EXERCISE MATERIAL:
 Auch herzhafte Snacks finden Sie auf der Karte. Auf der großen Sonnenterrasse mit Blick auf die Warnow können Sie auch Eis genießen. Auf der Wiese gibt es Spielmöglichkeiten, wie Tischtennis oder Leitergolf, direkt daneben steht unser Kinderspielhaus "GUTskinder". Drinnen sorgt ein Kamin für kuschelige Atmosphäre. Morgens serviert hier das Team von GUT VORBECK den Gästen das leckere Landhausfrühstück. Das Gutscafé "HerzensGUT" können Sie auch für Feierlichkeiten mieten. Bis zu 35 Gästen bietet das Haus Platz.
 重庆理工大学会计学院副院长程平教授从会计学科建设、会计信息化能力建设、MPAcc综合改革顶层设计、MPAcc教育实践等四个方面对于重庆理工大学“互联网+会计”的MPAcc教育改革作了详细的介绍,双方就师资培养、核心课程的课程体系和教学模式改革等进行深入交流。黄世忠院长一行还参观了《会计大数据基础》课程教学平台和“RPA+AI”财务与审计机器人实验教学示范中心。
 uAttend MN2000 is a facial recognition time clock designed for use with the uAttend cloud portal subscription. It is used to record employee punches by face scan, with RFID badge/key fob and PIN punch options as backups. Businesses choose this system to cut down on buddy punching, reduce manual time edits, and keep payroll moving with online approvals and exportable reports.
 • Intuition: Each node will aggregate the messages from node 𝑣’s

---

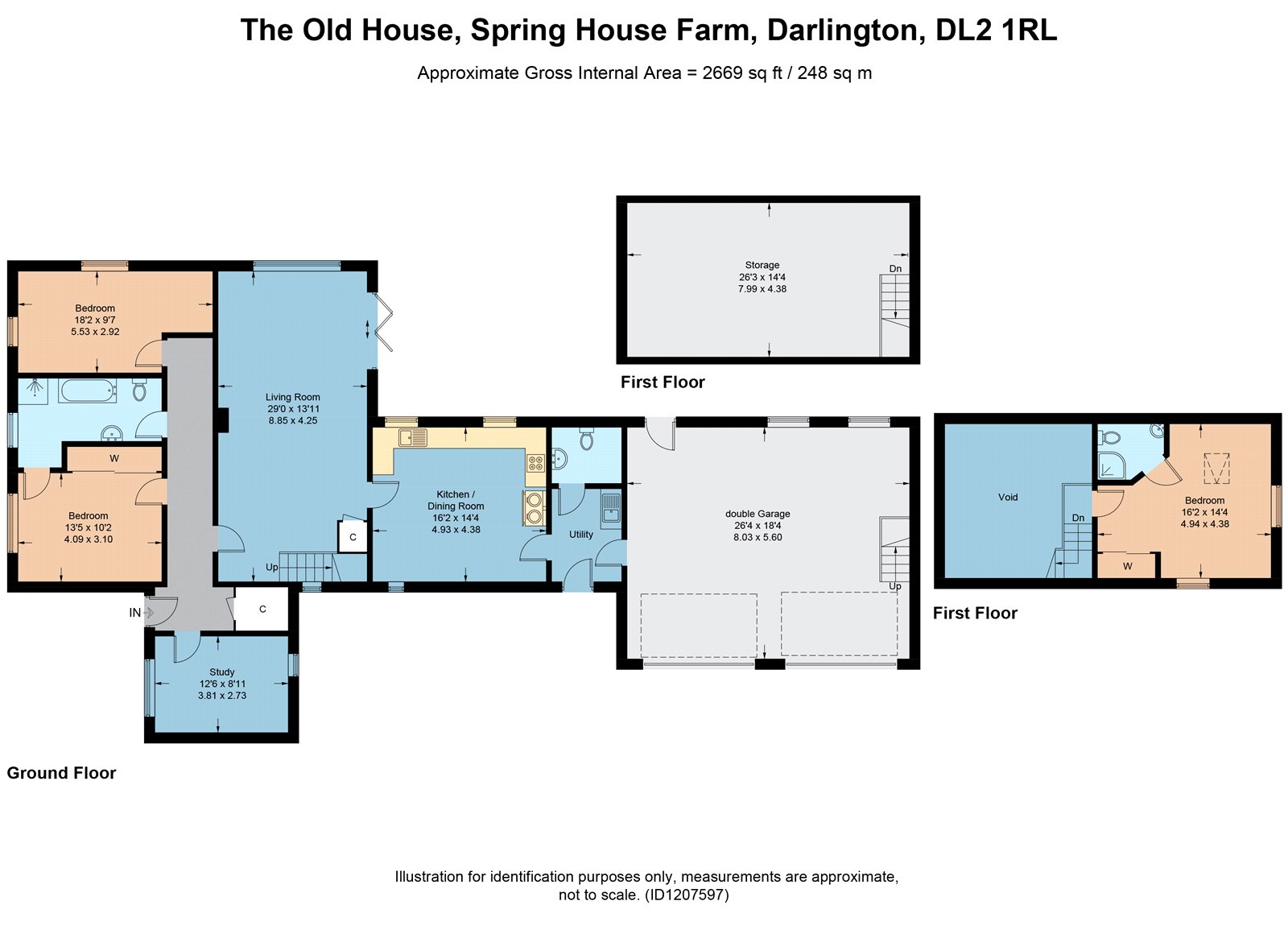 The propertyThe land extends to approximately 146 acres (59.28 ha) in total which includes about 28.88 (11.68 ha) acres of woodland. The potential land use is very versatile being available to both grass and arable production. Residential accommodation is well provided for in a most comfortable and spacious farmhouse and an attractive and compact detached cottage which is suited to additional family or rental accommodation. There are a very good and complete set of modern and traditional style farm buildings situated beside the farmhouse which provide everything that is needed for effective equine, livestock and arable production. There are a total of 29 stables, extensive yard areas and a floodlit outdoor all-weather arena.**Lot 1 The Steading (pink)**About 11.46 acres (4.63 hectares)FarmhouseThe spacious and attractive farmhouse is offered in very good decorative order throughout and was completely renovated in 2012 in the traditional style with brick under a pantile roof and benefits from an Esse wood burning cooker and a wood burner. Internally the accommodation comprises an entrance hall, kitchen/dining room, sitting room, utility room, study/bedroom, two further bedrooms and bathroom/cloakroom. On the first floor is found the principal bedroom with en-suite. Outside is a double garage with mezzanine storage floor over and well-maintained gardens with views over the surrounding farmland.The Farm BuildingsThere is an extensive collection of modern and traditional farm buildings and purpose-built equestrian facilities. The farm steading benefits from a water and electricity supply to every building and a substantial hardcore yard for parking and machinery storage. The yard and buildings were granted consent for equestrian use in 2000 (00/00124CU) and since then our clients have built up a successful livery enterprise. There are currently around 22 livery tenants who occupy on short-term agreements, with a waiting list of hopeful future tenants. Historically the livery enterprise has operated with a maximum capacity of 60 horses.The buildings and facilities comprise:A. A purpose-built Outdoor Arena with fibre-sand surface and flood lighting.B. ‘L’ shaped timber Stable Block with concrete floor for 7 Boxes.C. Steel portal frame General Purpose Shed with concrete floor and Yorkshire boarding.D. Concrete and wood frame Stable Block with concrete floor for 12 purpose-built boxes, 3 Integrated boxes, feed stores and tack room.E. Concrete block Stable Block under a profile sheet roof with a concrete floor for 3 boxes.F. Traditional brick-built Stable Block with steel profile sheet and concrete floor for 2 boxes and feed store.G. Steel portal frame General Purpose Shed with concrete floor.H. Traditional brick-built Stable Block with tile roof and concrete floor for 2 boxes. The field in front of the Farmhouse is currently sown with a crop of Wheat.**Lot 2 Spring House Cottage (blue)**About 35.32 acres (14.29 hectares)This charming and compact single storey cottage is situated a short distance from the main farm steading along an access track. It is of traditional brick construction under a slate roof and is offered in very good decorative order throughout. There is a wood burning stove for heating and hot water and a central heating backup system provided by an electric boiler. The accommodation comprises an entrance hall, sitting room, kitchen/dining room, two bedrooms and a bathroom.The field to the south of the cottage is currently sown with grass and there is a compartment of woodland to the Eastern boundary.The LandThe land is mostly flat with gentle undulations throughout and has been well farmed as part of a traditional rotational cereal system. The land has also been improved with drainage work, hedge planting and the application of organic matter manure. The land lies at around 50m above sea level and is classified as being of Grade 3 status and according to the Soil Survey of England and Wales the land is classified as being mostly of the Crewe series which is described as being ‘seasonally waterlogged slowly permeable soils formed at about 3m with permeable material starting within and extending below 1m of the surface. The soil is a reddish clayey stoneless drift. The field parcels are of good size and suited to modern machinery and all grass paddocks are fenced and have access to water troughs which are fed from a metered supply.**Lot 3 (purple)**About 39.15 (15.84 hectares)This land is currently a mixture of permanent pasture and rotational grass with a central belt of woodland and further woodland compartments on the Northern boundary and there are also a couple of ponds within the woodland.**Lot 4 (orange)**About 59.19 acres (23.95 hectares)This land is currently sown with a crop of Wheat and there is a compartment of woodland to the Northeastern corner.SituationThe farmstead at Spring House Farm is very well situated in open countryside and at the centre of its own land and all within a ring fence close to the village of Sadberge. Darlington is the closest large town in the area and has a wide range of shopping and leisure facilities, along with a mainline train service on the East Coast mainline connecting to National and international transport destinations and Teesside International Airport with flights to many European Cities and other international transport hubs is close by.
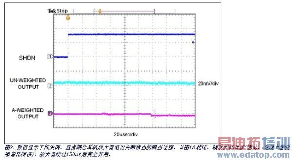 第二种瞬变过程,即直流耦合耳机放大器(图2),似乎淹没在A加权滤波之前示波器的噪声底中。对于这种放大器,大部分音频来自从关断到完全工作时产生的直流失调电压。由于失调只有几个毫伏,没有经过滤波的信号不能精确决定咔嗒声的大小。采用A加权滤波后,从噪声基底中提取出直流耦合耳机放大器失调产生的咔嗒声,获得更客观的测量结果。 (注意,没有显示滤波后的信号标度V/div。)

WHAT THIS TASK INVOLVES: Above are the records. Copy the lines beginning at the one that has "重庆理工大学会计学院副院长程" and ending with the one that has "from node 𝑣’s", unchanged.

ANSWER TO THIS PROBLEM:
 重庆理工大学会计学院副院长程平教授从会计学科建设、会计信息化能力建设、MPAcc综合改革顶层设计、MPAcc教育实践等四个方面对于重庆理工大学“互联网+会计”的MPAcc教育改革作了详细的介绍,双方就师资培养、核心课程的课程体系和教学模式改革等进行深入交流。黄世忠院长一行还参观了《会计大数据基础》课程教学平台和“RPA+AI”财务与审计机器人实验教学示范中心。
 uAttend MN2000 is a facial recognition time clock designed for use with the uAttend cloud portal subscription. It is used to record employee punches by face scan, with RFID badge/key fob and PIN punch options as backups. Businesses choose this system to cut down on buddy punching, reduce manual time edits, and keep payroll moving with online approvals and exportable reports.
 • Intuition: Each node will aggregate the messages from node 𝑣’s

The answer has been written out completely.